| name | red-pen |
| description | Independent red-team review for Firefox root-cause analyses and proposed fixes. Use to critique an analysis, patch, Phabricator revision, commit, diff, or working tree with isolated Codex subagents and structured verdicts.
|
| metadata | {"short-description":"Independent fix review"} |
RedPen
Get an independent second opinion on a proposed RCA solution before it
goes in front of a human reviewer or the user.
The reviewer runs in an isolated subagent context — it does not see the
calling agent's conversation, memory, or prior conclusions. Inputs are passed
by file path only. This is the dotfiles equivalent of bringing in an
outside engineer: no anchoring on what's already been decided, no rubber
stamping.
The reviewer's primary job is to find a more elegant fix if one exists,
including fixes that redesign the surrounding codebase when the right design
would resolve the root cause and other latent issues at once.
Inputs contract
This skill accepts conclusions only by file path. Do not summarize or
restate the analysis in the prompt — the reviewer must read it themselves.
Arguments: $0
Tokens are classified by shape. Disambiguation priority — apply per
token, in order; first rule that matches wins:
- Token resolves to an existing file (try as-given, then relative to
CWD, then absolute):
*.md → markdown role (see role assignment below).

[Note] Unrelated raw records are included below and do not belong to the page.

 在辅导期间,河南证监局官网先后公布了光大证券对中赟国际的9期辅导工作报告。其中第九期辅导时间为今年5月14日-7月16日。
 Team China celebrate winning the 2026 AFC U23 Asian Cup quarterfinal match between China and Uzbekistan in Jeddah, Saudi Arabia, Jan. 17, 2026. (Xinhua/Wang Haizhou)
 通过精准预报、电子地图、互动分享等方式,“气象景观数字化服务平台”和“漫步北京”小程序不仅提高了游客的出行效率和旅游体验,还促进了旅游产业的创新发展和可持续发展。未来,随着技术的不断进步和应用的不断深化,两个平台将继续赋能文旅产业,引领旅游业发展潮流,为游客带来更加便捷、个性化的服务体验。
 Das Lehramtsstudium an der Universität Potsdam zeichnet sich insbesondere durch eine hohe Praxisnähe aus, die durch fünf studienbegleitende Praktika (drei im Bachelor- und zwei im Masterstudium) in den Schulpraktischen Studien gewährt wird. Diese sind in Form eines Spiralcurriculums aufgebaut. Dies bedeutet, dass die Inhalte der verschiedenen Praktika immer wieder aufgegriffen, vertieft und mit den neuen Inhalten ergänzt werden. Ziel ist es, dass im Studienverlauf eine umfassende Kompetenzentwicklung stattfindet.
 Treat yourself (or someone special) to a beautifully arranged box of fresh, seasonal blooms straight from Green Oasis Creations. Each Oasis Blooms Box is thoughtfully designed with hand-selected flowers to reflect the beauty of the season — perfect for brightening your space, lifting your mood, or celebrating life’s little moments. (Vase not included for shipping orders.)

*.patch / *.diff → solutions source (distiller required).
- any other extension or extensionless → ask the user directly. Do not guess.

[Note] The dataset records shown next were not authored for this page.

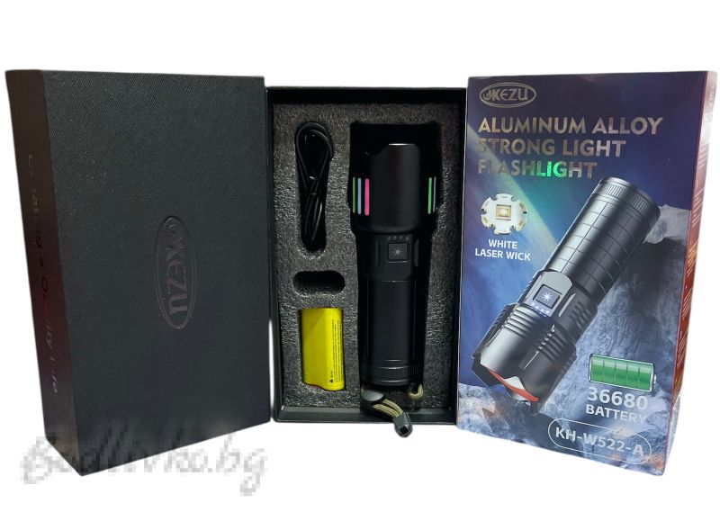 Фенерът е опакован в луксозна кутия, което го прави идеален подарък за всеки любител на приключенията или професионалист, нуждаещ се от надежден източник на светлина. Кутията е не само красива, но и осигурява защита на фенера по време на транспортиране и съхранение.
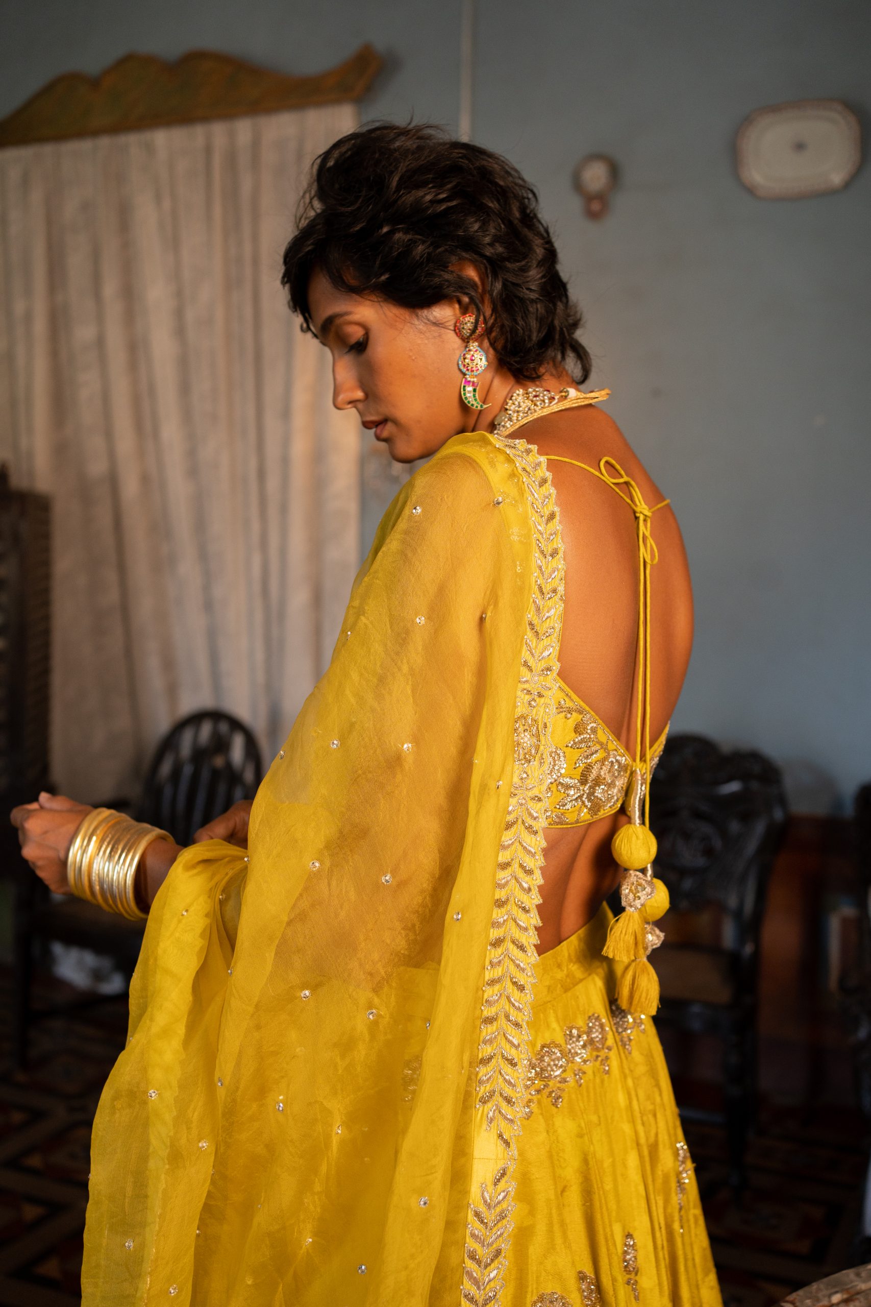 A lime yellow self–woven russian jacquard lehenga set paired with antique silver zari jaal embroidered blouse and pure tissue dupatta.
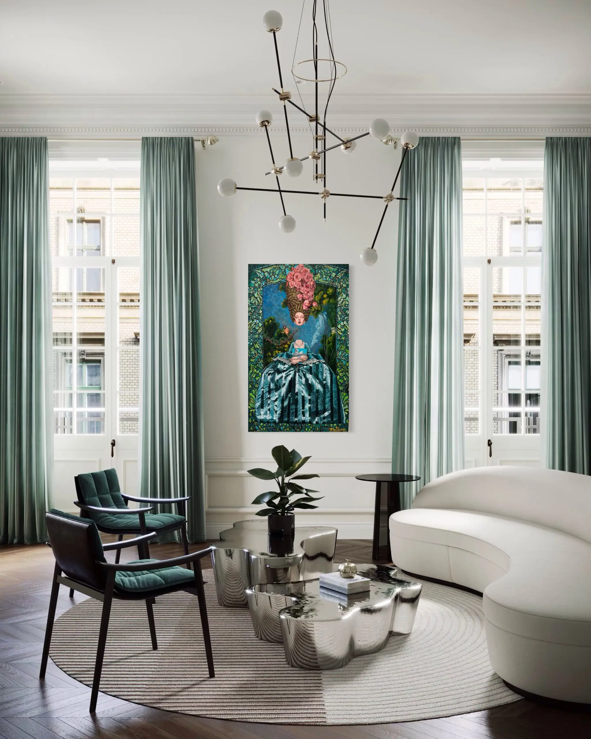 In “Marie Antoinette Tiffany’s,” Mauritzio Battifora masterfully blends Rococo extravagance with pop surrealism, creating a visually opulent yet deeply satirical commentary on wealth, vanity, and the fleeting nature of status. This stunning composition reinterprets 18th-century aristocratic portraiture, distorting its grandeur into a surreal, almost theatrical spectacle that challenges traditional notions of power and beauty.

bug:<digits> / bz:<digits> / https://bugzilla.mozilla.org/show_bug.cgi?id=<digits>
→ analysis source (intake required).
D<digits> / https://phabricator.services.mozilla.com/D<digits>
→ solutions source (distiller required).
https://github.com/<owner>/<repo>/pull/<n>
→ solutions source (distiller required).
- URL ending in
.patch or .diff
→ solutions source (distiller required).
- Literal
diff (and no file by that name in CWD)
→ solutions source: uncommitted working tree.
- Literal
local or HEAD (and no file by that name in CWD)
→ solutions source: branch tip vs git merge-base.
- Token resolves to a git commit
(
git rev-parse --verify "$tok^{commit}" succeeds)
→ solutions source: that commit.
--desc <text> flag → analysis source: user free-text. The skill writes
the text to a scratch file before invoking intake.
- None of the above → ask the user directly. Never silently fall back.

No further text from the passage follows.